Nutrient Comparison: Rice VS Boiled Red Kidney Beans per 100 g
Compare the macro and micronutrient content in 100 g of Rice versus 100 g of Boiled Red Kidney Beans to make informed dietary choices. Explore their nutritional differences and benefits.
Lets compare vitamin content per 100 grams of Rice vs Boiled Red Kidney Beans:
- 100 grams of Rice have 2.8 times more Vitamin B3, 4.6 times more Vitamin B5 and 1.4 times more Vitamin B6 than Boiled Red Kidney Beans.
- While 100 g of Boiled Red Kidney Beans contain 2.3 times more Vitamin B1, 16.3 times more Vitamin B9 and 84 times more Vitamin K than Raw Regular Long-grain White Rice.
- Both Rice and Boiled Red Kidney Beans provide similar amounts of Vitamin B2 per 100 grams.

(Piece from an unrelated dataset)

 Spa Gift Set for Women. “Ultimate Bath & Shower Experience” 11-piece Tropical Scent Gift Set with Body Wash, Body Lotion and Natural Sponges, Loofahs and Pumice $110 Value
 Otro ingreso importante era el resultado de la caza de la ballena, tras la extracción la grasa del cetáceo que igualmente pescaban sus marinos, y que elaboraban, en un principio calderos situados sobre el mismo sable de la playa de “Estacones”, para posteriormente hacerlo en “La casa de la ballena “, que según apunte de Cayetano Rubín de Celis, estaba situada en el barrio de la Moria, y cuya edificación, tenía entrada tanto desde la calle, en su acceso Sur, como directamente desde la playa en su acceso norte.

- 100 grams of Rice have insufficient amounts of Vitamin K
- Both Raw Regular Long-grain White Rice as well as Boiled Red Kidney Beans have insufficient amounts of Vitamin A, Vitamin B12, Vitamin C, Vitamin D and Vitamin E in 100 grams.

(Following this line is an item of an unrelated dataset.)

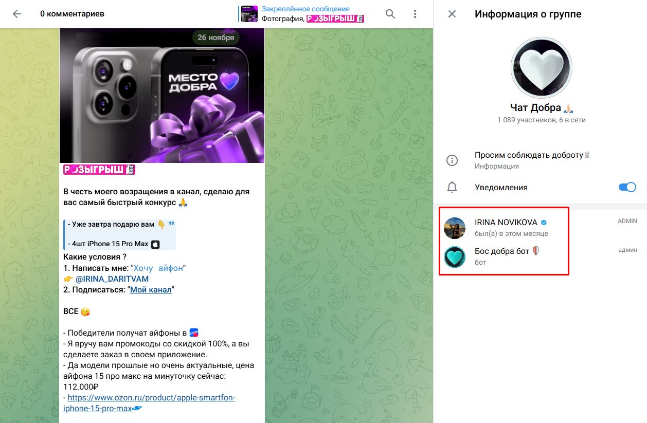 При анализе тг канала Irina Darit также вопросы вызывает и прозрачность, правда в том, что комментарии открыты, но на деле это обман. В списке участников есть некий бот, “Босс Добра”, который создан непосредственно Ириной. Вообще владельцы тгк редко создают своих ботов, а также дают им доступ к комментариям, а из-за подозрения в мошенничестве и полного отсутствия сообщений можно сказать наверняка, что именно он удаляет все сообщения от подписчиков. Это классическая в последнее время схема, которая позволяет создать иллюзию открытости, накрутить ботов, но при этом запретить жертвам предупредить остальных людей.
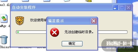 开始-运行-%temp%-确认-清空该目录下允许删除得所有文件,然后再安装卡卡

Comparing minerals per 100 grams for Rice vs Boiled Red Kidney Beans:
- 100 grams of Rice have 2.3 times more Manganese and 12.6 times more Selenium than Boiled Red Kidney Beans.

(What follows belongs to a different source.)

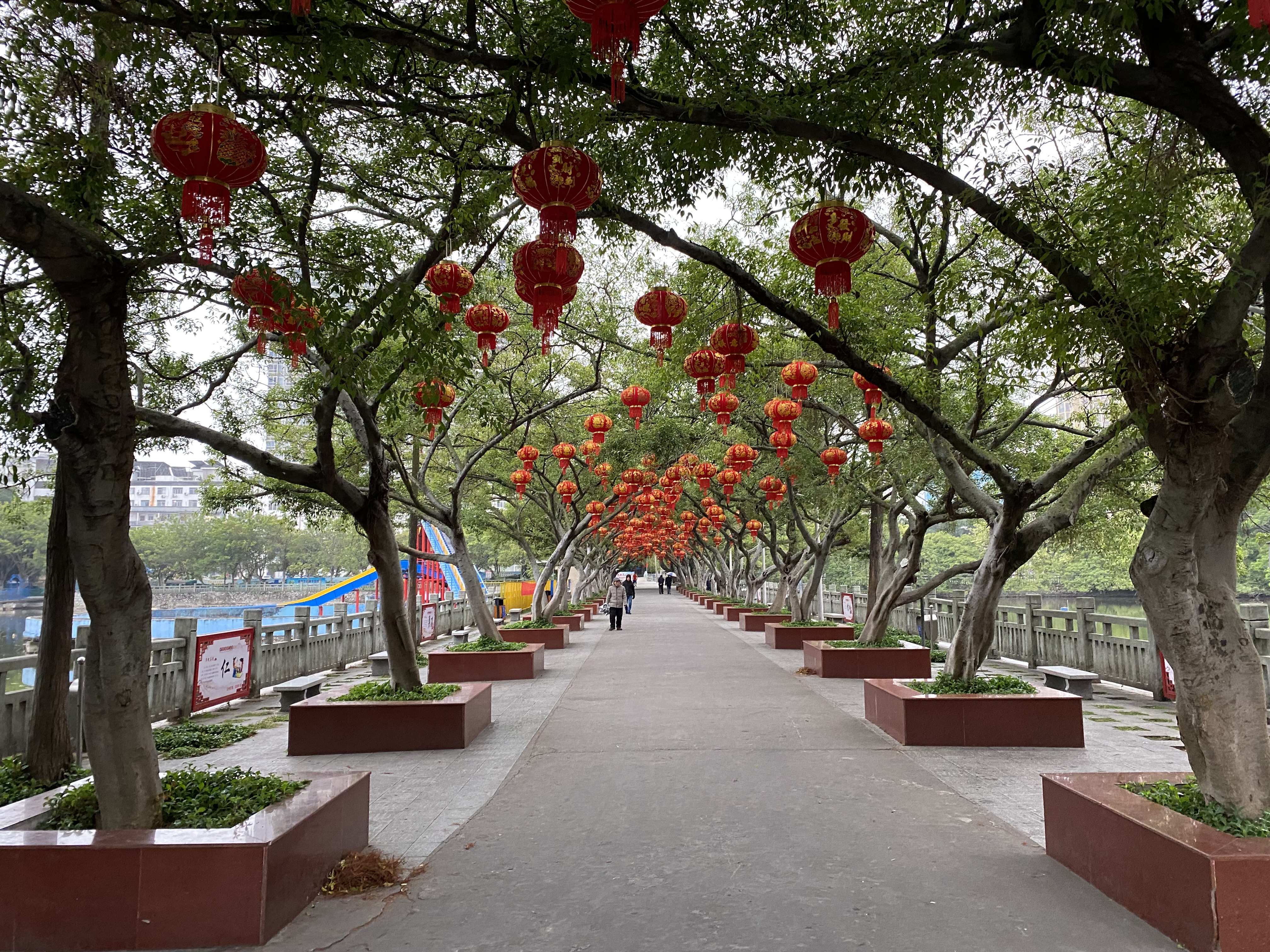 위린시 인민공원의 내부. 중국에는 거의 매 도시마다 인민공원이라는 공원이 있는데, 이 인민공원들은 예전에 중국이 개방하기 전이나 아직 사회주의나 공산주의 분위기가 많이 날 때 만들어서 그런지 공원들 중에서 별로 볼거리나 조경이 예쁘지 않은 공원이라 개인적으로는 잘 가지 않는다.
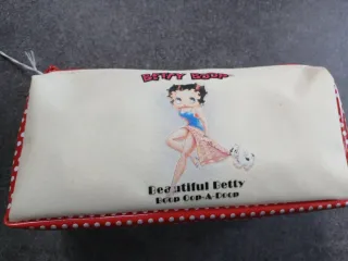 Astuccio vintage con stampa Betty Boop e dettagli a pois rossi. - Design con Betty Boop e un cagnolino. - Zip rossa. Cm. 21 × 8

- While 100 g of Boiled Red Kidney Beans contain 3.7 times more Iron, 1.8 times more Magnesium and 3.5 times more Potassium than Raw Regular Long-grain White Rice.
- Both Rice and Boiled Red Kidney Beans contain similar levels of Calcium, Copper, Phosphorus and Zinc per 100 grams.
Comparison of macro-nutrients per 100 grams:
- 100 grams of Rice have 2.9 times more Energy and 3.5 times more Carbohydrate than Boiled Red Kidney Beans.
- While 100 g of Boiled Red Kidney Beans contain 5.4 times more Omega 3 and 5.7 times more Fiber than Raw Regular Long-grain White Rice.
- Both Rice and Boiled Red Kidney Beans offer comparable quantities of Protein per 100 grams.
- 100 grams of Rice provide inadequate amounts of Omega 3
- Both Raw Regular Long-grain White Rice as well as Boiled Red Kidney Beans provide inadequate amounts of Omega 6 in 100 grams.